Key Takeaways
- There’s been a 131% surge in crypto losses compared to the same period in 2024
- Losses in January stood at $87 million before surging to $1.53 billion in February, largely due to the Bybit attack
The first quarter of 2025 has recorded the highest crypto-related losses in history, with security breaches amounting to over $1.6 billion. As per blockchain security firm PeckShield, there’s been a 131% surge in crypto losses compared to the same period in 2024.
A single exploit on centralized exchange Bybit was responsible for the majority of losses, with hackers stealing $1.46 billion, which accounted for over 92% of total Q1 losses. Another major incident involved Phemex, which suffered a $69.1 million attack, bringing the combined total from these two breaches to $1.52 billion.

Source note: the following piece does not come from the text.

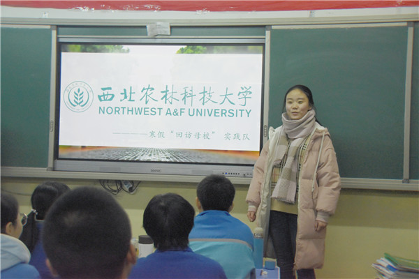 相约二中,情系西农。顶着凛冽的寒风,筹备阶段,队员们购置了精美的带有西农标志的小礼品作为提问环节的奖品,精心制作了PPT和快闪视频,准备了发言稿;在老师空闲时间去办公室拜访了恩师,与老师交流了大学的学习生活,感恩老师的教育之情;当晚,在学弟学妹们上晚自习的时间,进班宣讲,向他们讲述了美好的大学生活,并依次就西农校史、人才培养、校园生活等进行了详细的介绍,激励他们在最后的这一百多天里,努力学习,拼一个无悔人生。活动结束后,一名高三学生以消息形式向队员们表达了自己的收获和感谢:“学长学姐,谢谢你们来我们班宣讲。临近高考,各方面的压力让我有点喘不过气来,你们耐心的回答我的提问,给了我很多建议和解决方法,真的让我豁然开朗,重燃对学习的热情,重拾信心,让我知道了在这关键的时期更加不能放松,要全力以赴的为未来而努力。如果有缘,西农等我!”

According to analysts at Immunefi, “The sheer scale of the Bybit and Phemex attacks, totaling $1.5 billion, shows how state-backed actors are arguably the most pressing threat to our industry. Their success in breaching renowned, battle-tested platforms is a reminder of the need for security measures that protect the entire stack and help projects prevent catastrophic attacks before they happen.”
PeckShield’s findings also marked a notable rise in hacking incidents, with over 60 breaches recorded in Q1 2025. Losses in January stood at $87 million before surging to $1.53 billion in February, largely due to the Bybit attack. Additional February breaches led to $126 million in losses, including a $50-million exploit at Infini, a $9.5-million hack on zkLend, and an $8.5-million loss from Ionic.
March, however, saw a drastic reduction in hack-related losses, with only $33 million stolen, a 97% decline from February. Some stolen funds were even recovered, providing minor relief to affected platforms.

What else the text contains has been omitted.